From: Ramiro Voicu <Ramiro.Voicu@cern.ch>
To: Hugh Dickins <hugh@veritas.com>
Cc: Andrew Morton <akpm@osdl.org>,
linux-mm@kvack.org, bugme-daemon@bugzilla.kernel.org
Subject: Re: [Bugme-new] [Bug 7645] New: Kernel BUG at mm/memory.c:1124
Date: Sat, 09 Dec 2006 18:24:38 +0100 [thread overview]
Message-ID: <457AF156.8070606@cern.ch> (raw)
In-Reply-To: <Pine.LNX.4.64.0612090427180.3684@blonde.wat.veritas.com>
It seems that this patch fixed the problem. I tested on my desktop and
the problem seems gone.
Based on what Hugh supposed, I was able to have a small java program to
test it ... and indeed it is very possible that there was a race in the
initial app
I will try to test it tomorrow on the other machine ( it is unable to
boot now after a hard reboot ), but I think the bug can be closed now.
Thank you very much for your support!
Cheers,
Ramiro
Hugh Dickins wrote:
> On Fri, 8 Dec 2006, Andrew Morton wrote:
>> On Thu, 7 Dec 2006 21:22:57 +0000 (GMT)
>> Hugh Dickins <hugh@veritas.com> wrote:
>>> Please try the simple patch below: I expect it to fix your problem.

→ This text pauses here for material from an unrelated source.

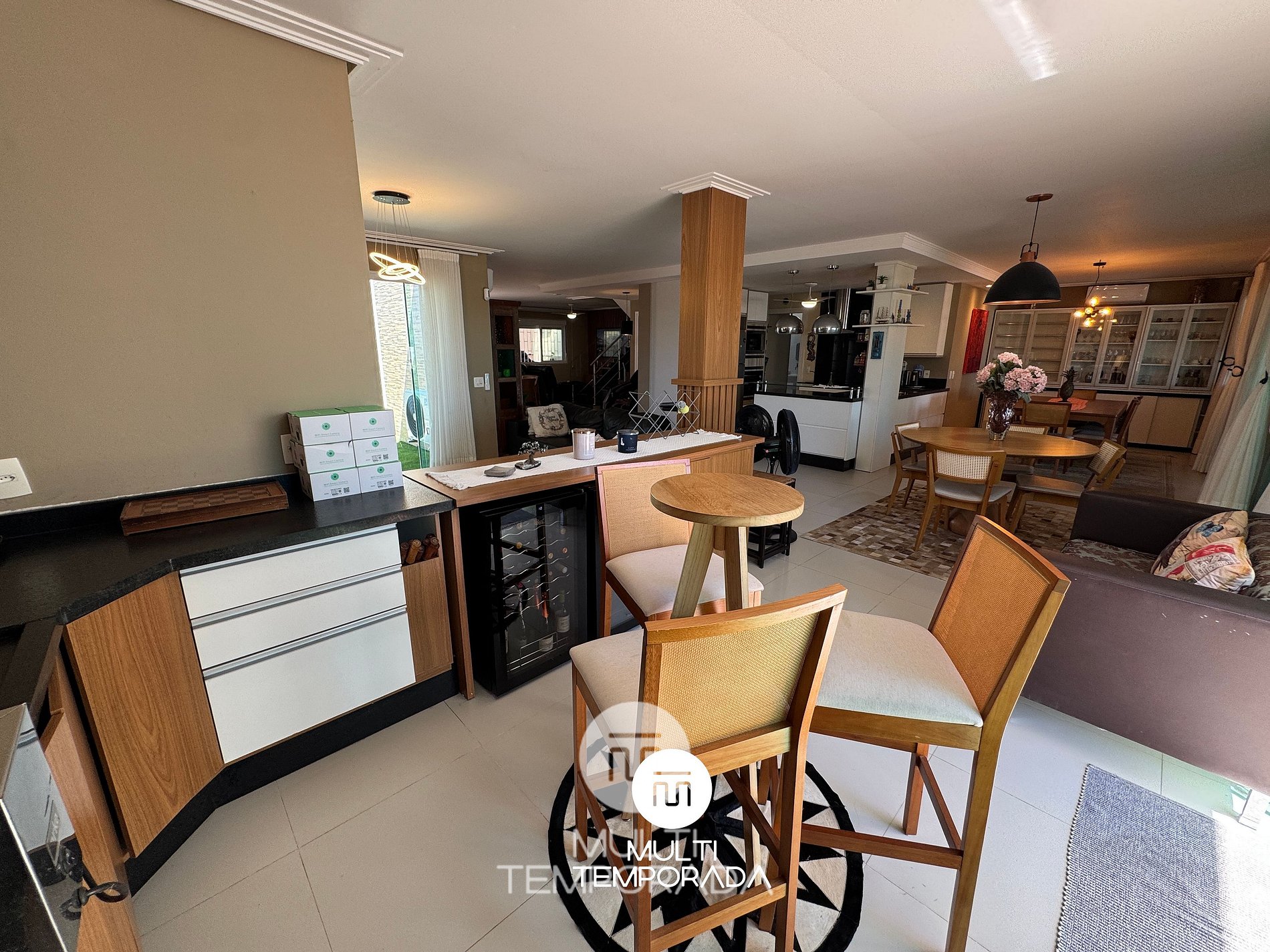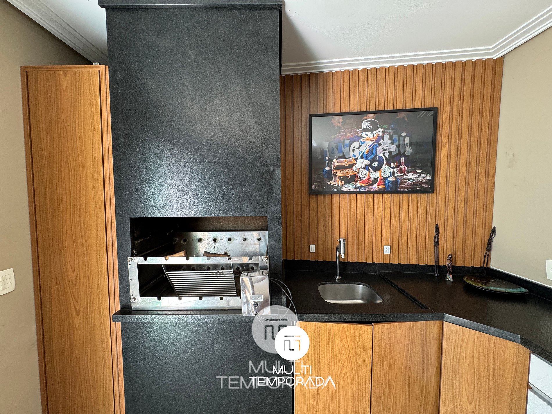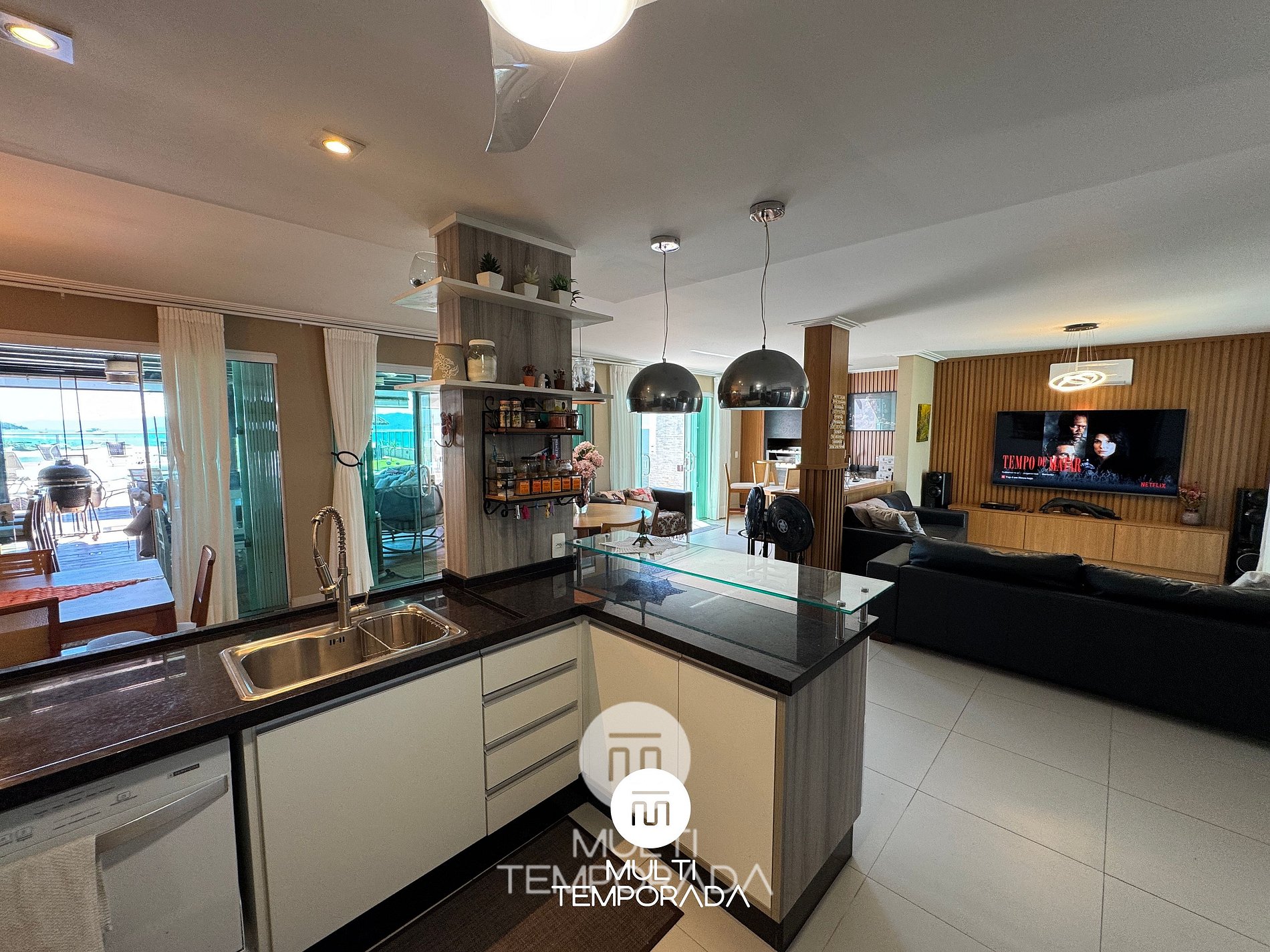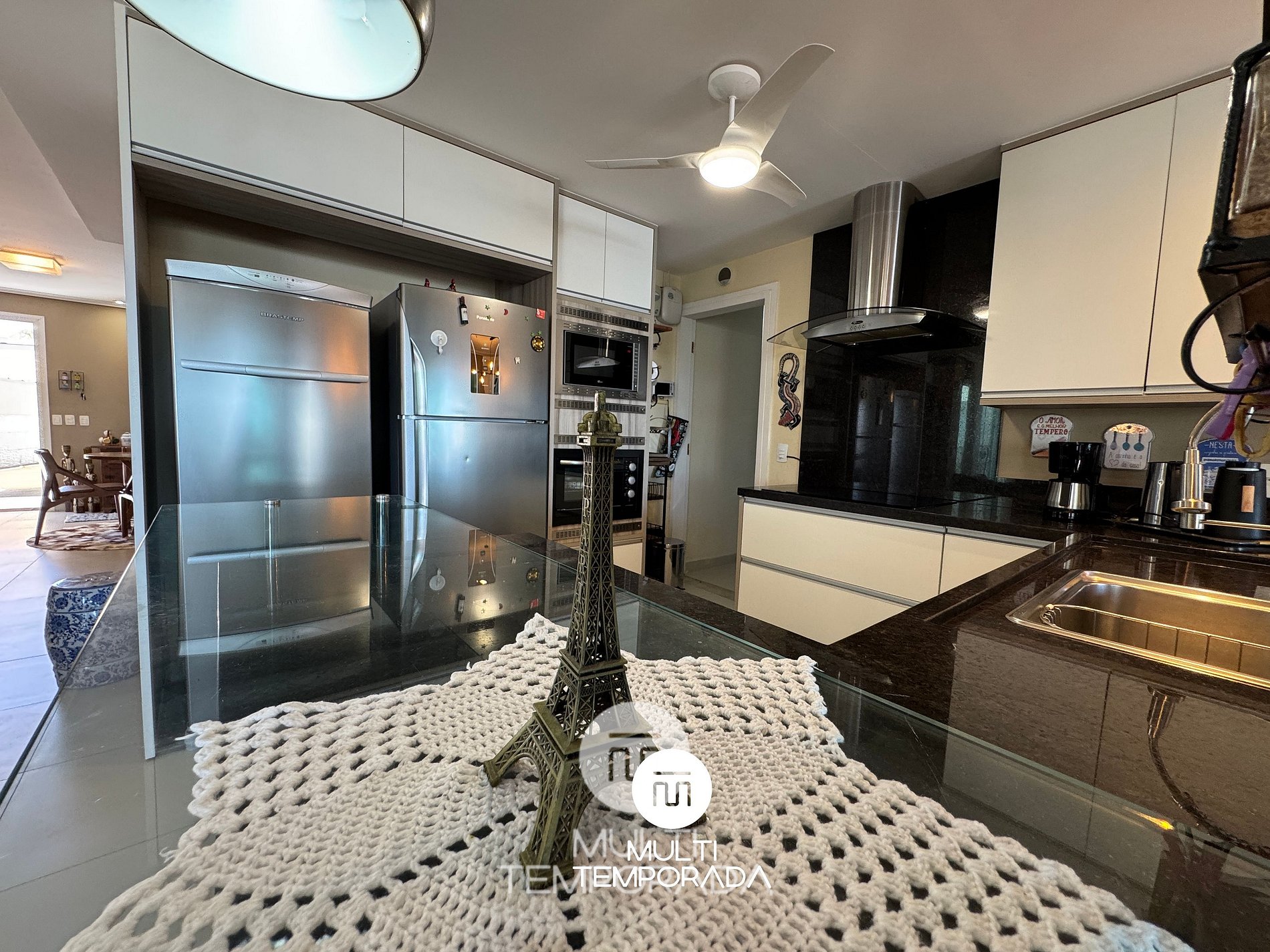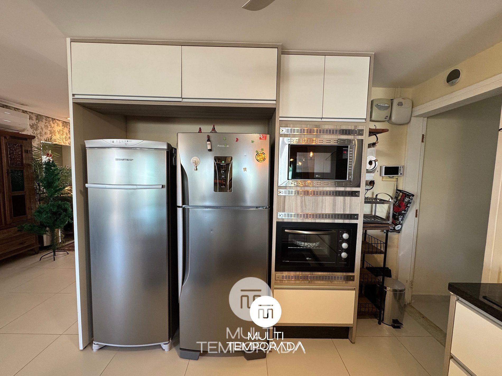 A cozinha planejada reúne praticidade e sofisticação, equipada com fogão de indução com travas de segurança, geladeira, forno, micro-ondas, lava-louças, freezer vertical e horizontal, além de adega climatizada e duas cervejeiras — perfeita para estadias completas, desde jantares intimistas até encontros familiares.

>>> Whether it's the right patch, I'm not quite sure: we do commonly use
>>> zap_page_range and zeromap_page_range with mmap_sem held for write,
>>> but perhaps we'd want to avoid such serialization in this case?
>> Ramiro, have you had a chance to test this yet?
>
> Here's a bigger but better patch: if you wouldn't mind,
> please try this one instead, Ramiro - thanks.
>
>
> Ramiro Voicu hits the BUG_ON(!pte_none(*pte)) in zeromap_pte_range:
> kernel bugzilla 7645. Right: read_zero_pagealigned uses down_read of
> mmap_sem, but another thread's racing read of /dev/zero, or a normal
> fault, can easily set that pte again, in between zap_page_range and
> zeromap_page_range getting there. It's been wrong ever since 2.4.3.
>
> The simple fix is to use down_write instead, but that would serialize
> reads of /dev/zero more than at present: perhaps some app would be
> badly affected. So instead let zeromap_page_range return the error
> instead of BUG_ON, and read_zero_pagealigned break to the slower
> clear_user loop in that case - there's no need to optimize for it.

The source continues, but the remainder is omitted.